→ Exercise brief
Each record should be returned exactly as it is written.

[[ Records shown open ]]

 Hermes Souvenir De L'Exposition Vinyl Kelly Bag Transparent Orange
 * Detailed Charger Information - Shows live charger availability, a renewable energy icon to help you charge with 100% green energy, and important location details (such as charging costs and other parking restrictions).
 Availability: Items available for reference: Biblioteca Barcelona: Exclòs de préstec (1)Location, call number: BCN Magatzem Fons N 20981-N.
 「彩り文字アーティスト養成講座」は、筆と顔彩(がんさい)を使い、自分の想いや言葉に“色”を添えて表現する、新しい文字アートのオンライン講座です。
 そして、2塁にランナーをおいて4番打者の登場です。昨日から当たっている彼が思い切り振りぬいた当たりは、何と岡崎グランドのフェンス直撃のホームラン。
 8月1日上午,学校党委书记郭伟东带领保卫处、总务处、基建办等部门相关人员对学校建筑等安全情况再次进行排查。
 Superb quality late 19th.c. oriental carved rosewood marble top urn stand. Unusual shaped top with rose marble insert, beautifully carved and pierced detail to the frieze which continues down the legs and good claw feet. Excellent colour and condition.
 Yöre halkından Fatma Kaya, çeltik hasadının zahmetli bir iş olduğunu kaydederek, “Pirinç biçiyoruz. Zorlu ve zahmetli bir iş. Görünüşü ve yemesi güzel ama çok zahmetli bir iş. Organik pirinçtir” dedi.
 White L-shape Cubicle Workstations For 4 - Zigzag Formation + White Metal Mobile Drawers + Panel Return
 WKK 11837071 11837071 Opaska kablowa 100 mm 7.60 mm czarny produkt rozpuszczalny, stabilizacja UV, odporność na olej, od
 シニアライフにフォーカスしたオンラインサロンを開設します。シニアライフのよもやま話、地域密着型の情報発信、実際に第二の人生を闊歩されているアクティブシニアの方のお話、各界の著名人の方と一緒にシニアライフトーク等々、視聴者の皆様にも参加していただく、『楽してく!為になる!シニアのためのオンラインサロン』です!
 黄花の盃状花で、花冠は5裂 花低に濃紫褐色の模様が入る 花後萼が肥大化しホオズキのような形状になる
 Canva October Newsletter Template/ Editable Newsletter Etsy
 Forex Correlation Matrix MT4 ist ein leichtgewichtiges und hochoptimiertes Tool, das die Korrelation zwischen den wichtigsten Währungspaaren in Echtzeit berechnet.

[[ Records shown closed ]]

→ Task result
 Hermes Souvenir De L'Exposition Vinyl Kelly Bag Transparent Orange
 * Detailed Charger Information - Shows live charger availability, a renewable energy icon to help you charge with 100% green energy, and important location details (such as charging costs and other parking restrictions).
 Availability: Items available for reference: Biblioteca Barcelona: Exclòs de préstec (1)Location, call number: BCN Magatzem Fons N 20981-N.
 「彩り文字アーティスト養成講座」は、筆と顔彩(がんさい)を使い、自分の想いや言葉に“色”を添えて表現する、新しい文字アートのオンライン講座です。
 そして、2塁にランナーをおいて4番打者の登場です。昨日から当たっている彼が思い切り振りぬいた当たりは、何と岡崎グランドのフェンス直撃のホームラン。
 8月1日上午,学校党委书记郭伟东带领保卫处、总务处、基建办等部门相关人员对学校建筑等安全情况再次进行排查。
 Superb quality late 19th.c. oriental carved rosewood marble top urn stand. Unusual shaped top with rose marble insert, beautifully carved and pierced detail to the frieze which continues down the legs and good claw feet. Excellent colour and condition.
 Yöre halkından Fatma Kaya, çeltik hasadının zahmetli bir iş olduğunu kaydederek, “Pirinç biçiyoruz. Zorlu ve zahmetli bir iş. Görünüşü ve yemesi güzel ama çok zahmetli bir iş. Organik pirinçtir” dedi.
 White L-shape Cubicle Workstations For 4 - Zigzag Formation + White Metal Mobile Drawers + Panel Return
 WKK 11837071 11837071 Opaska kablowa 100 mm 7.60 mm czarny produkt rozpuszczalny, stabilizacja UV, odporność na olej, od
 シニアライフにフォーカスしたオンラインサロンを開設します。シニアライフのよもやま話、地域密着型の情報発信、実際に第二の人生を闊歩されているアクティブシニアの方のお話、各界の著名人の方と一緒にシニアライフトーク等々、視聴者の皆様にも参加していただく、『楽してく!為になる!シニアのためのオンラインサロン』です!
 黄花の盃状花で、花冠は5裂 花低に濃紫褐色の模様が入る 花後萼が肥大化しホオズキのような形状になる
 Canva October Newsletter Template/ Editable Newsletter Etsy
 Forex Correlation Matrix MT4 ist ein leichtgewichtiges und hochoptimiertes Tool, das die Korrelation zwischen den wichtigsten Währungspaaren in Echtzeit berechnet.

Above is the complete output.